*EXERCISE BRIEF*: Drop every picture. Then return, exactly, the lines from the beginning of the listing below through the one containing "Вид на устье".
STUDY MATERIAL Block Start
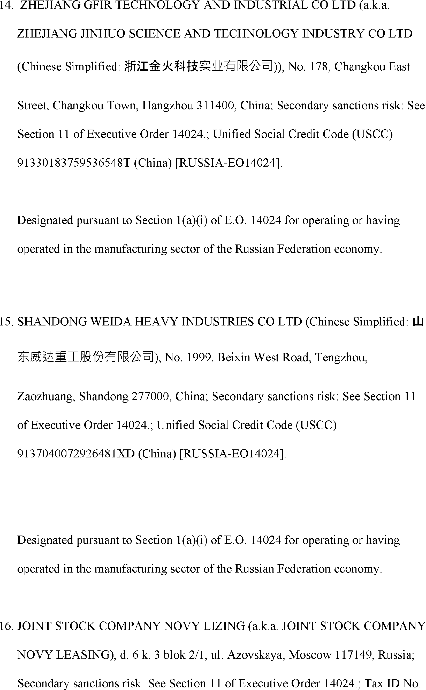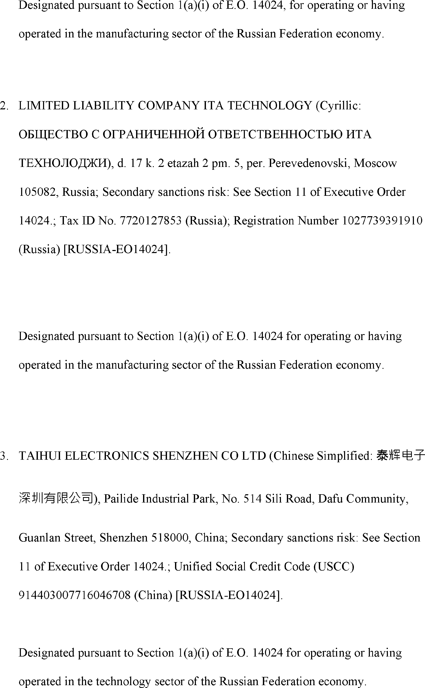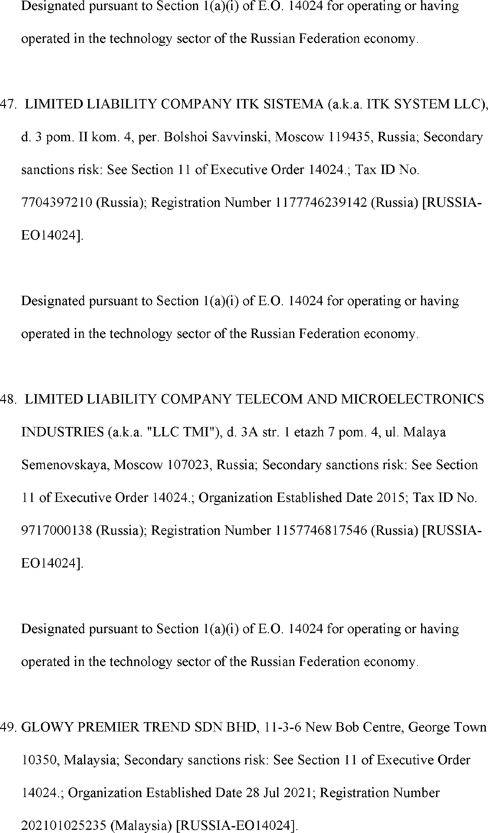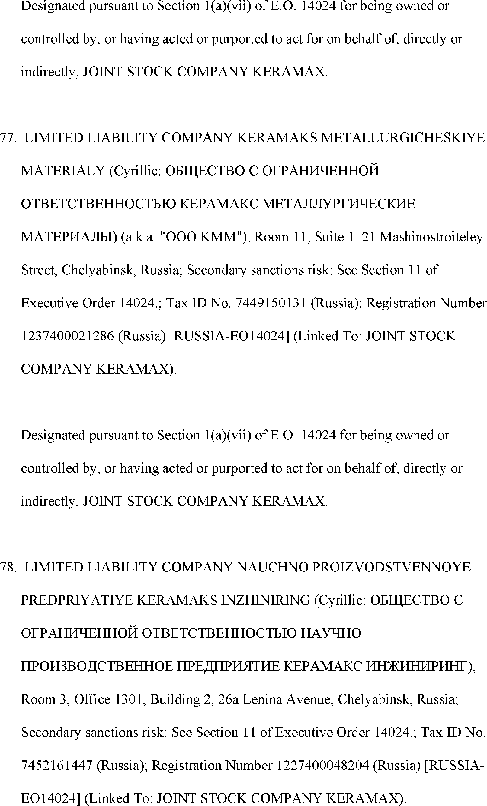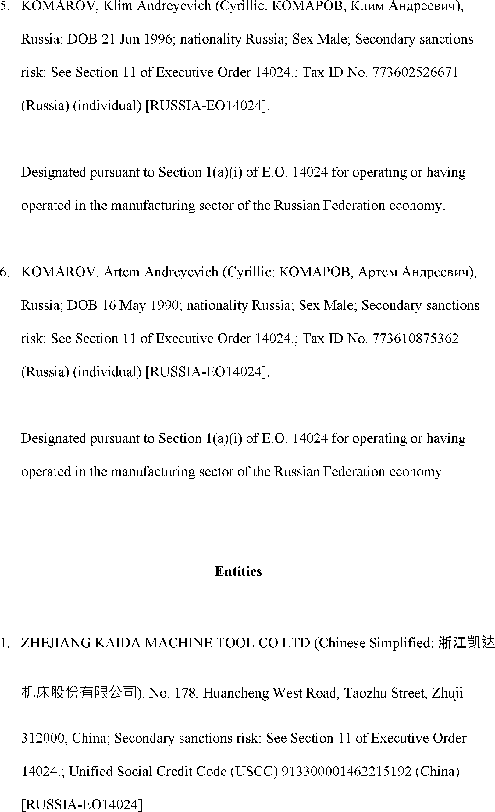 The Department of State is publishing the names of one or more persons that have been placed on the Department of Treasury's List of Specially Designated Nationals and Blocked Persons (SDN List) administered by the Office of Foreign Asset Control (OFAC) based on the Department of State's determination, in consultation with other departments, as appropriate, that one or more applicable legal criteria of the Executive Order regarding blocking property with respect to specified harmful foreign activities of the Government of the Russian Federation were satisfied. All property and interests in property subject to U.S. jurisdiction of these persons are blocked, and U.S. persons are generally prohibited from engaging in transactions with them.
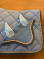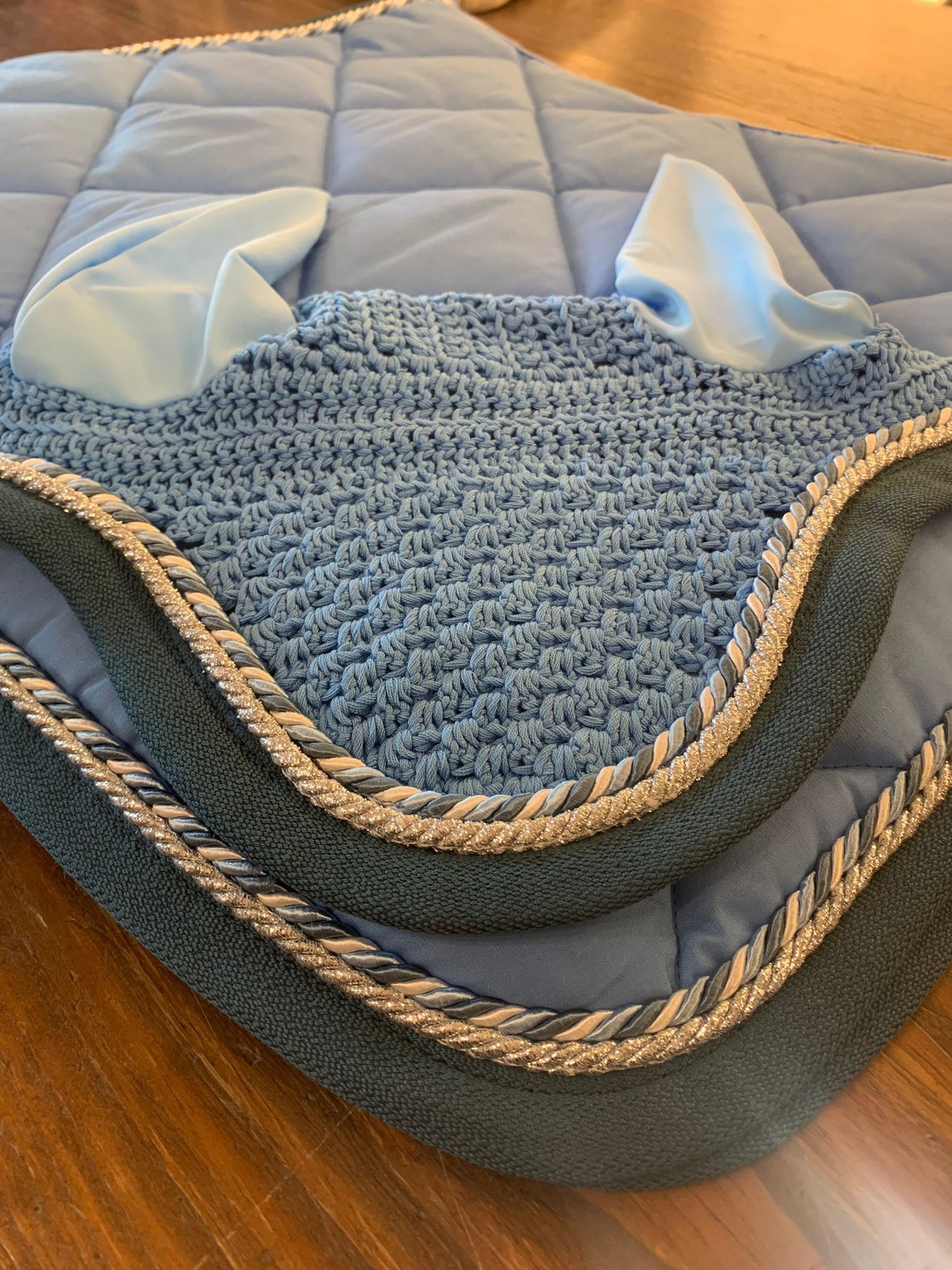 Completo Artequi azzurro con bordo verde petrolio , cordino argento brillantinato e doppio cordino bianco, azzurro e verde petrolio.
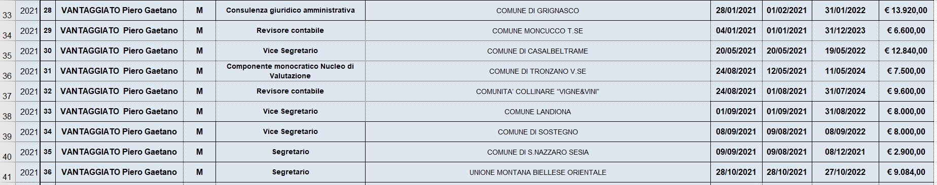 A livello quasi “fotografico”, come fossero due cartoline inviate da località diverse, ecco che si può rilevare come, il 25 dello stesso mese di marzo, Piero Gaetano Vantaggiato, questa volta nella sua qualità di Responsabile del Servizio Finanziario del Comune di Landiona, assegni un incarico alla Società Accounting srl – Leggi qui.
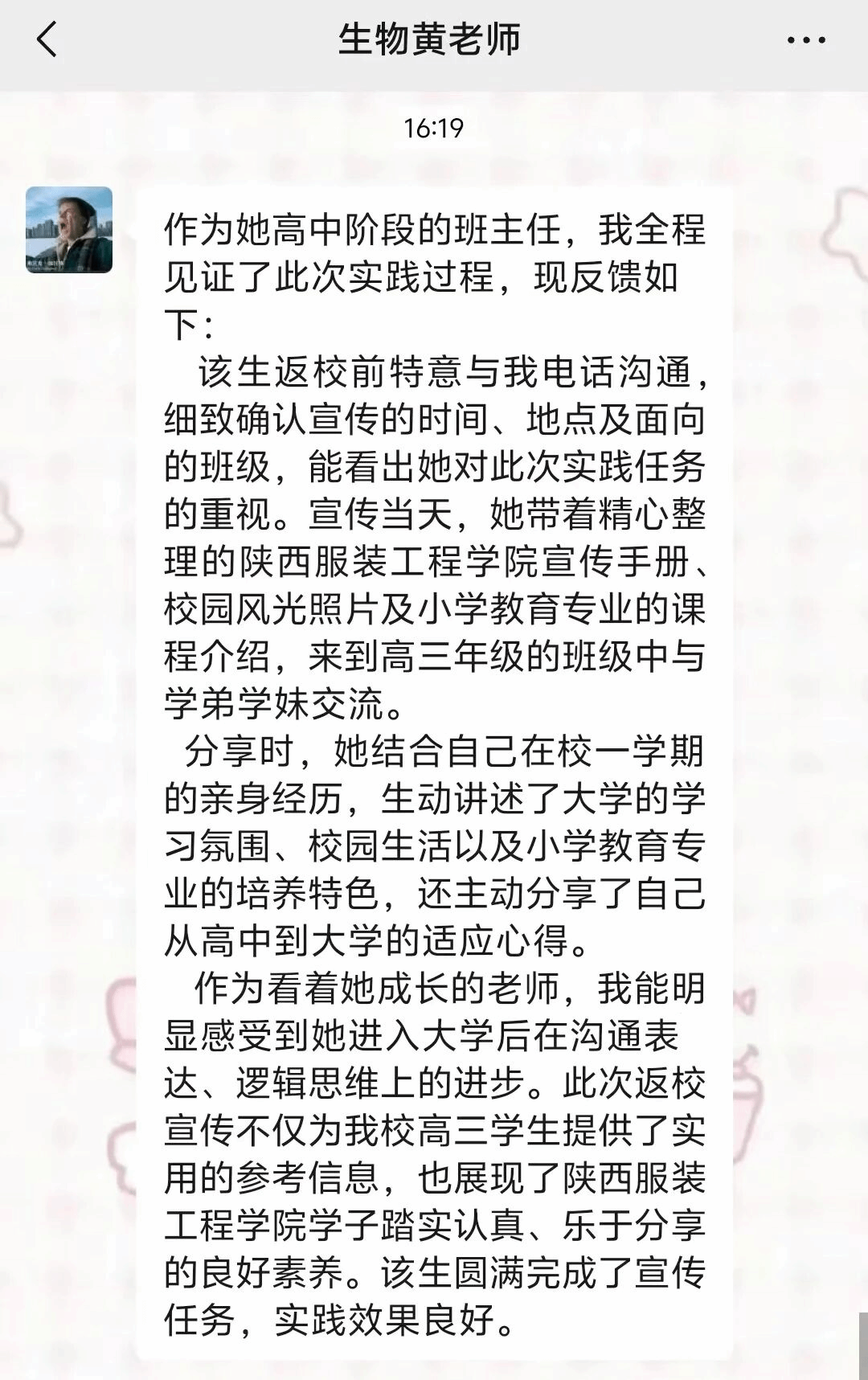 这个寒假,我回到了我的高中母校,从一名聆听宣讲的高三学子,转变为站上讲台、讲述故事的宣讲人,我向学弟学妹们分享了我的学习经验、大学生活,也系统介绍了陕西服装工程学院的办学特色、专业优势、校园文化与就业前景,努力把最真实、最鲜活的“陕服故事”讲给大家听。未来,我会继续带着在陕服收获的知识与力量,努力提升自我,用实际行动讲好陕服故事,传播母校声音,也希望更多优秀的陇县学子能够走进陕西服装工程学院,在更广阔的平台上追逐梦想、绽放光彩。
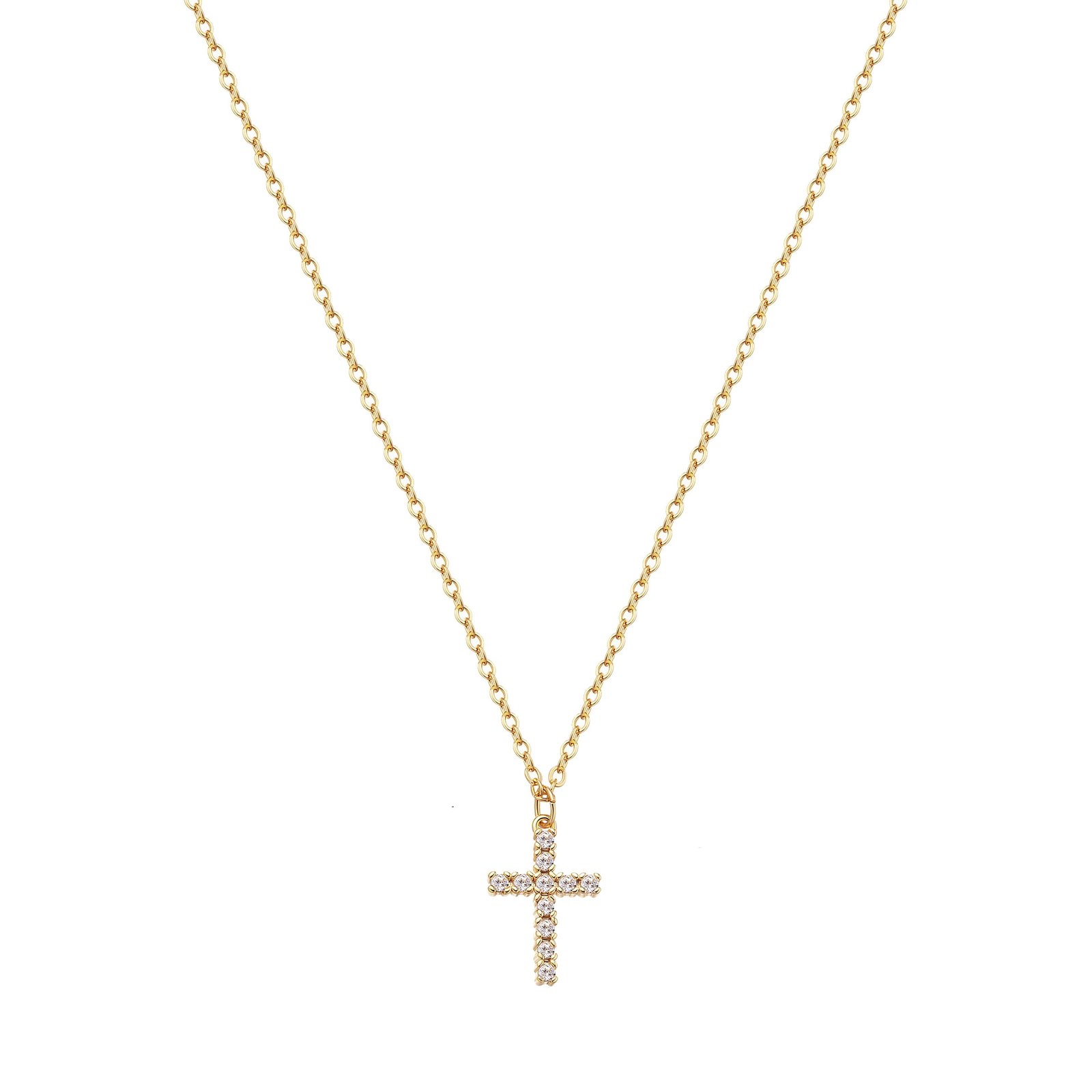 18K gold-plated titanium steel cross pendant, fully encrusted with sparkling zircon. Hypoallergenic, tarnish-resistant, and ideal for minimalist high-end styling.
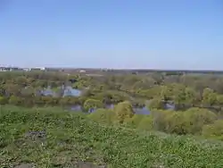 Вид на устье Болвы с Чашина Кургана. Вдали виден автомобильный мост через Болву. | |
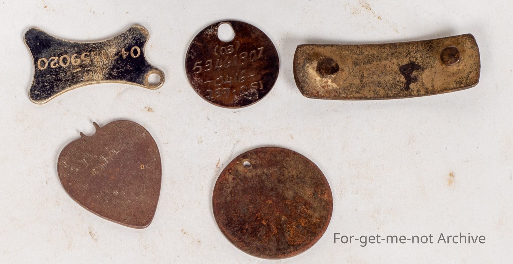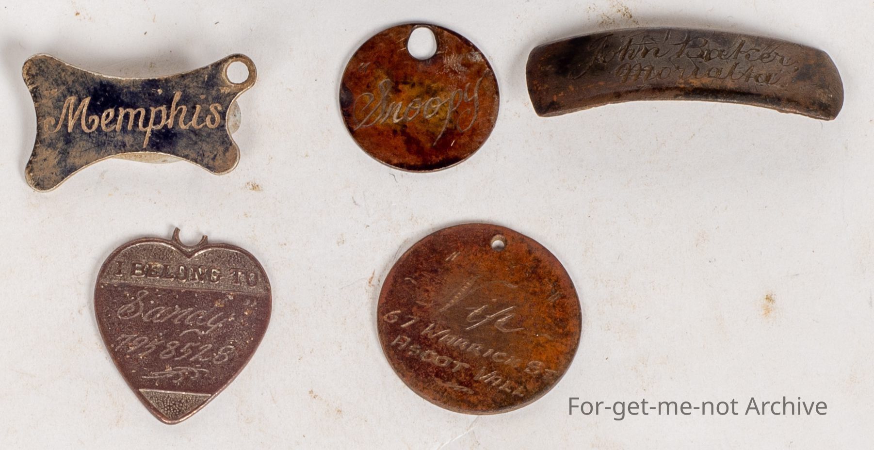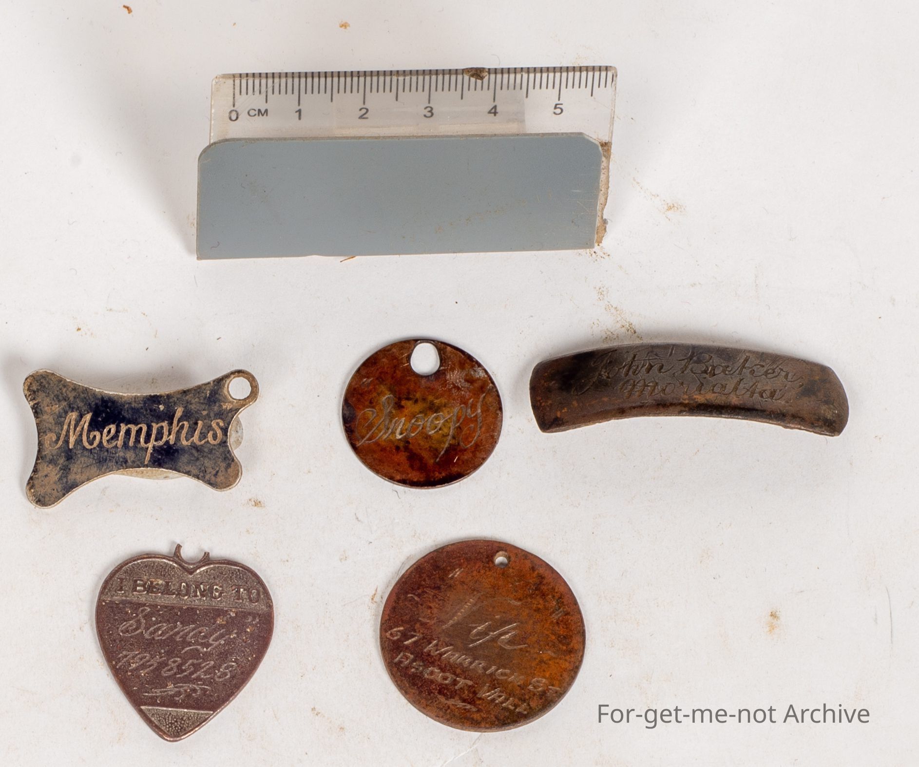 The first one is, NIP, return to NIP, Ascot Vale. The second one is Sandy with a phone number. The third one is, Snoopy, once again, a phone number. Then there's another one with Memphis and a phone number. The third one is John Barker from Morialta, South Australia. This is a plaque off the collar of his dog. John Barker was a well known identity in South Australia. Morialta is now a public park area north of Adelaide.Collection
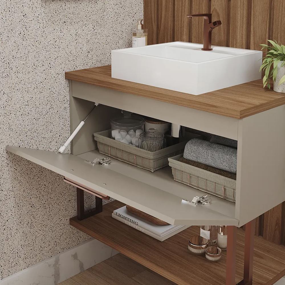 Gabinete para Banheiro MDF Suspenso 60cm Duna com Cuba Cappuccino e Freijó MGM / REF. 22455.50
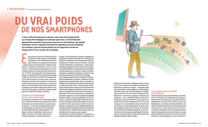 Au fil des pages, les lecteurs.trices vont ainsi pouvoir découvrir les impacts du numérique sur la planète et les cerveaux. Par exemple, combien savent qu’il faut 70 matériaux pour construire le smartphone qui se trouve dans notre poche ? Pourtant, nous sommes 88 % en France à en changer au bout de deux ans, alors qu’il fonctionne encore…
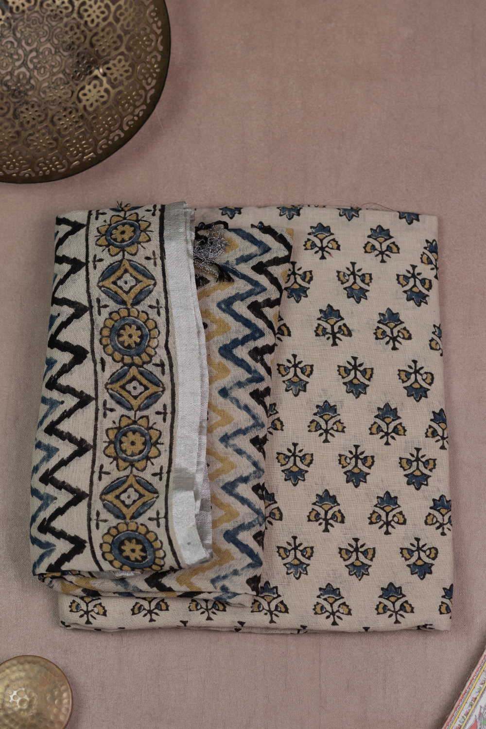 Block Printed Ajrak Linen Top & Dupatta Slightly coarse lightweight, intricately designed and comfortable to drape - ideal wear for any weather. The subtle ajrak block prints, added to the earthen colours of the fabric, make their own unique style statement.
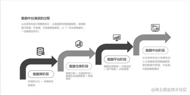 从数据处理的维度来聊一聊数据中台经历的四个阶段:数据库阶段、数据仓库阶段、数据平台阶段、数据中台阶段。
STUDY MATERIAL Block End
*YOUR SOLUTION*:
 The Department of State is publishing the names of one or more persons that have been placed on the Department of Treasury's List of Specially Designated Nationals and Blocked Persons (SDN List) administered by the Office of Foreign Asset Control (OFAC) based on the Department of State's determination, in consultation with other departments, as appropriate, that one or more applicable legal criteria of the Executive Order regarding blocking property with respect to specified harmful foreign activities of the Government of the Russian Federation were satisfied. All property and interests in property subject to U.S. jurisdiction of these persons are blocked, and U.S. persons are generally prohibited from engaging in transactions with them.
 Completo Artequi azzurro con bordo verde petrolio , cordino argento brillantinato e doppio cordino bianco, azzurro e verde petrolio.
 A livello quasi “fotografico”, come fossero due cartoline inviate da località diverse, ecco che si può rilevare come, il 25 dello stesso mese di marzo, Piero Gaetano Vantaggiato, questa volta nella sua qualità di Responsabile del Servizio Finanziario del Comune di Landiona, assegni un incarico alla Società Accounting srl – Leggi qui.
 这个寒假,我回到了我的高中母校,从一名聆听宣讲的高三学子,转变为站上讲台、讲述故事的宣讲人,我向学弟学妹们分享了我的学习经验、大学生活,也系统介绍了陕西服装工程学院的办学特色、专业优势、校园文化与就业前景,努力把最真实、最鲜活的“陕服故事”讲给大家听。未来,我会继续带着在陕服收获的知识与力量,努力提升自我,用实际行动讲好陕服故事,传播母校声音,也希望更多优秀的陇县学子能够走进陕西服装工程学院,在更广阔的平台上追逐梦想、绽放光彩。
 18K gold-plated titanium steel cross pendant, fully encrusted with sparkling zircon. Hypoallergenic, tarnish-resistant, and ideal for minimalist high-end styling.
 Вид на устье Болвы с Чашина Кургана. Вдали виден автомобильный мост через Болву. | |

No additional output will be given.